17/11/15

La P

 


De la F pasamos a la P. De falo (acción) se pasa a palo (poder establecido). Lo desarrollaremos.

De Fuerza se pasa a Potencia. En la física clásica, la potencia se define como la rapidez con la que se realiza un trabajo. Ya que el trabajo es el producto de la fuerza y la distancia, la potencia se puede expresar como la fuerza multiplicada por la velocidad del objeto. P = F . v , es decir, que un objeto puede ejercer una gran fuerza sin desarrollar ninguna potencia si su velocidad es cero. La Potencia es la Fuerza en movimiento, la eficacia de la Fuerza.

Las letras F y P son muy parecidas en cuanto a forma. A la F solo le falta una oclusión, un pequeño cierre, para convertirse en P. 

Visualmente, la F muestra la abertura del soplido, de la expiración/acción (esta asociación de conceptos la habíamos explicado anteriormente), y además en el sentido propio de la lectura occidental, hacia la derecha, mientras que en la P dicha abertura aparece cerrada. Hay algo de contención, de fuerza retenida, almacenada —pero no como en la Ñ, que está muy profundamente guardada y escondida, pues ésta puede explotar, PUM…, porque está hinchada, atiborrada de poder—. 

La F es fuerza activa, en tanto que la P es fuerza en estado pausado o, mejor dicho, en estado potencial (en la otra acepción de ‘potencia’, la que se opone a ‘acto’). Es la fuerza institucionalizada, podríamos decir. El falo pasa a ser el palo, el cayado, el cetro, la vara de la autoridad, la pica y la columna sobre la que se asienta el poder. En el habla corriente, la potencia contiene en su interior, en su definición, a la fuerza. 

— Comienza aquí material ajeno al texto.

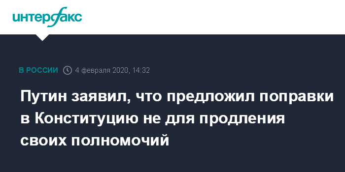 Москва. 4 февраля. INTERFAX.RU - Президент РФ Владимир Путин заявил, что предложенные им поправки в Конституцию РФ были сделаны не для продления его полномочий.
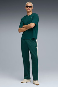 PRODUCT STORY Step up your game with PUMA's relaxed track pants. Featuring iconic T7 stripes, zip pockets, and pintuck stitching, these pants offer a sleek, straight fit. The elasticated waistband with drawcord ensures a perfect fit for every adventure. FEATURES & BENEFITS - Made with at least 50% recycled materials DETAILS - Style: 629589_75 - Color: Green Terrain-Alpine Snow - Relaxed fit - Spacer fabric - Regular length - Medium rise - Side Pocket - PUMA branding details MATERIAL INFORMATION - Upper Pocket Bag: 100% cotton - Shell: 67% polyester, 33% cotton - Lower Pocket Bag: 67% polyester, 33% cotton

Los fasces romanos son una P, formando un haz de veinte varas o palos (como símbolo del poder para castigar de las treinta curias de la antigua Roma), en el que se inserta el hacha, que representa la capacidad para ejecutar los castigos. 

Basta, gráficamente, con dibujar un pequeño trazo vertical entre los dos brazos extendidos de la F (cerrarlos, unirlos, completarlos) para obtener una P. Poder como capacidad, poder como posibilidad real de realización. El falo fecundador pasa a ser palo de poder. La Fuerza queda acumulada, encerrada en el óvalo superior de la P, mostrando y a la vez ocultando el Poder que contiene, su capacidad potencial de actuar enérgicamente. Sólo necesita abrir las compuertas de ese óvalo: ¡PAF!


Visualmente la P podría identificarse también como una bandera, un estandarte, un pabellón o un pendón mediante el que se da a conocer, a modo de signo o divisa, el poderío del señor (o de su territorio, o de su ejército), o de la organización que representa. Normalmente también se incluye en él el escudo donde, mediante símbolos codificados, están inscritas las hazañas de su estirpe, es decir la fuerza íntima que arma su brazo.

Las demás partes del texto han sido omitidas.